A Search Committee appointed by the McNay Board of Trustees–and led by Committee Co-Chairs Amy Stieren and Darryl Byrd–identified McLendon as the ideal candidate to serve as the next McNay Director.
“Matthew stood out from numerous, highly-qualified candidates as someone with a unique combination of business acumen, arts expertise, infectious positive energy and a true love for the integral role art museums play in the communities they serve,” said Darryl Byrd, McNay Board Member and Co-Chair of the Search Committee.
“We are thrilled to welcome Matthew and his innovative ‘leader as facilitator’ approach to the McNay and its talented staff as we collectively build upon the Museum’s legacy of excellence together,” said Amy Stieren, McNay Vice President and Co-Chair of the Search Committee.
ABOUT MATTHEW McLENDON, PhD

Before going to The Fralin, McLendon was recruited in 2010 by The John and Mable Ringling Museum of Art, the State Art Museum of Florida, as curator of modern and contemporary art and charged with reviving its dormant Modern and Contemporary program. In a museum then best known for its European paintings, McLendon undertook a series of high-profile exhibitions featuring rarely-seen works from The Ringling permanent collection. In 2011, Joseph’s Coat, a Skyspace by artist James Turrell, was opened under McLendon’s leadership and his original exhibitions began building larger regional and national audiences.

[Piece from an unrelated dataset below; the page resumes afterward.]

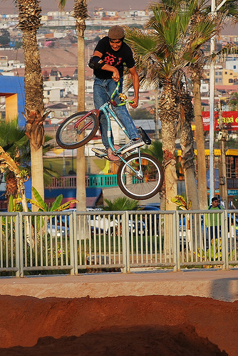 Diego BMX (via stay up) en el Skate Park de Playa Brava en Iquique.

McLendon inaugurated and co-directed the Art of Our Time initiative, focused on living visual and performing artists. This cross-disciplinary programming series helped lead the way in The Ringling setting new records in attendance, membership, and support. Other high profile major exhibitions included the first museum survey of artist, composer, and performer R. Luke DuBois and an examination of living artists working with found objects (in the tradition of Marcel Duchamp) in Re:Purposed. McLendon concluded his time at The Ringling with the first museum survey of interactive cinema and live-mix performance pioneer Toni Dove. Major gifts to the permanent collection in support of the Modern and Contemporary program included substantial additions to The Ringling’s holdings; a new collecting emphasis on studio glass with major collection gifts; and two permanent additions to exhibition space, the Kotler-Coville Glass Pavilion and the Keith D. and Linda L. Monda Gallery of Contemporary Art.

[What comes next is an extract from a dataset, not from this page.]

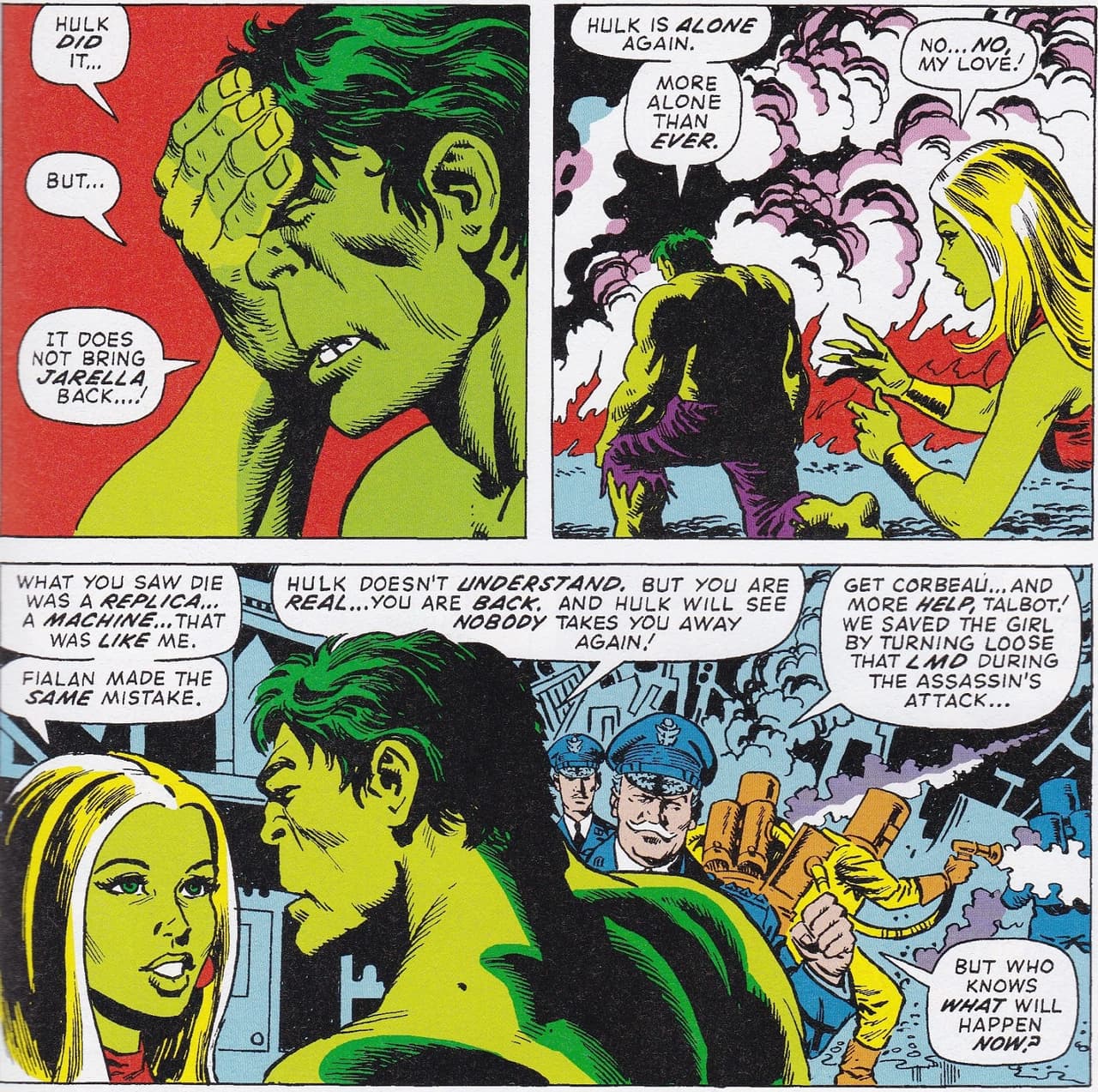 Por ejemplo, Hulk fue derrotado por la guerrera intergaláctica Jarella, su ex-esposa, luego de que él le transmitiera su energía de amor (dawwww!)

His books and publications include: Toni Dove: Embodied Machines (Scala); EMIT: What the Bringback Brought (Ringling/Murphy); Re:Purposed (Scala); R. Luke DuBois—Now (Scala); Dana Hargrove: Inhabit (Bridgette Mayer Gallery, contributing writer); Back to the Futurists: The Avant Garde and Its Legacy (Manchester University Press, contributing writer); Jill Sigman: Ten Huts (Wesleyan University Press, contributing writer), among others.

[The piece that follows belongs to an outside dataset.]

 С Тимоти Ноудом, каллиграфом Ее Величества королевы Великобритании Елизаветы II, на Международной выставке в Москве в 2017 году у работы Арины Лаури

McLendon previously served in curatorial and educational positions at the Rollins Museum of Art and Tate Britain, London. He has served as teaching faculty for graduate and undergraduate students at the University of Virginia, Florida State University, New College of Florida, and Rollins College, in addition to frequent guest lectures, interviews and media appearances. He earned his MA and PhD from the Courtauld Institute of Art of the University of London. He earned dual Bachelor of Arts degrees in Music and Art History at Florida State University, with magna cum laude honors. He is a member of Phi Beta Kappa, Association of Art Museum Directors, American Alliance of Museums, and College Art Association among other professional organizations.